Encoding “Liubai”: An Aesthetic Perception Framework and Differentiable Metrics for Chinese Ink Wash Style Textile Pattern Generation
DOI:
https://doi.org/10.6914/ccs.030101Abstract
This paper presents a computational framework for quantifying aesthetics of Chinese ink wash and applying them to generative models. We define differentiable metrics for the three core elements: the compositional balance of “Liubai” (negative space), the calligraphic quality of “Bichu” (brushstroke), and the tonal diffusion of “Moyun” (ink wash).
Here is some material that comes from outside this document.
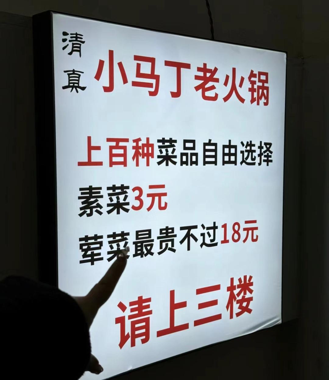 三是西安的小马丁老火锅,引导招牌上直接写着:上百种菜品自由选择,素菜3元,荤菜最贵不过18元,在自选区竟然还设置了很多“1元菜品”。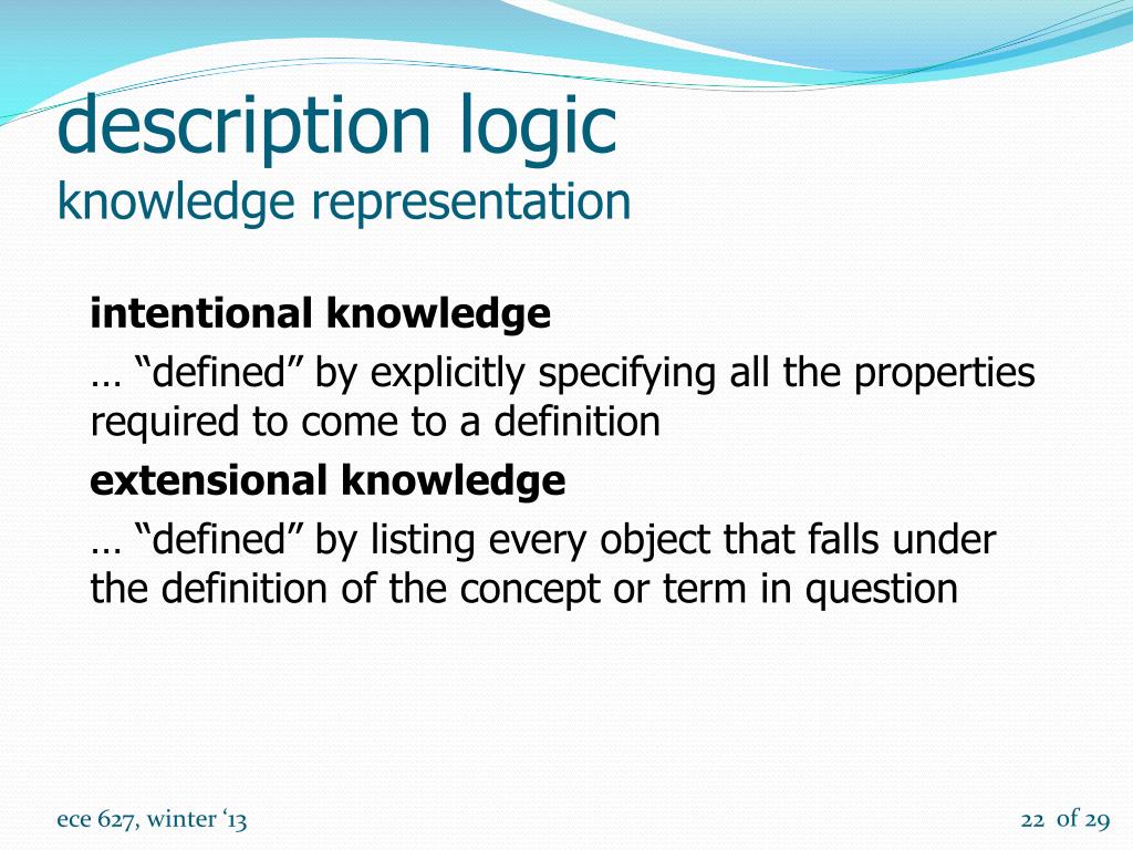 description logicknowledge representation intentional knowledge … “defined” by explicitly specifying all the properties required to come to a definition extensional knowledge … “defined” by listing every object that falls under the definition of the concept or term in question

Using these metrics, we benchmark unpaired image-to-image systems—CycleGAN, MUNIT, ChipGAN, and diffusion pipelines with controllable methods (Style LoRA, ControlNet-Tile, IP-Adapter)—on photo-to-ink transfer. Results show a trade-off: diffusion excels at “Moyun” texture fidelity, while ChipGAN with explicit aesthetic losses better preserves “Liubai” and “Bichu” structure. The study also highlights limitations of generic image-quality metrics (e.g., FID) for artistic evaluation. We further validate implications for phygital textile design via seamless-tiling tests and small-scale physical samples. Finally, we outline a unified, material-aware scheme embedding fabric diffusion physics (Fick’s law) into a Physics-Informed GAN objective to jointly optimize aesthetic fidelity and printability.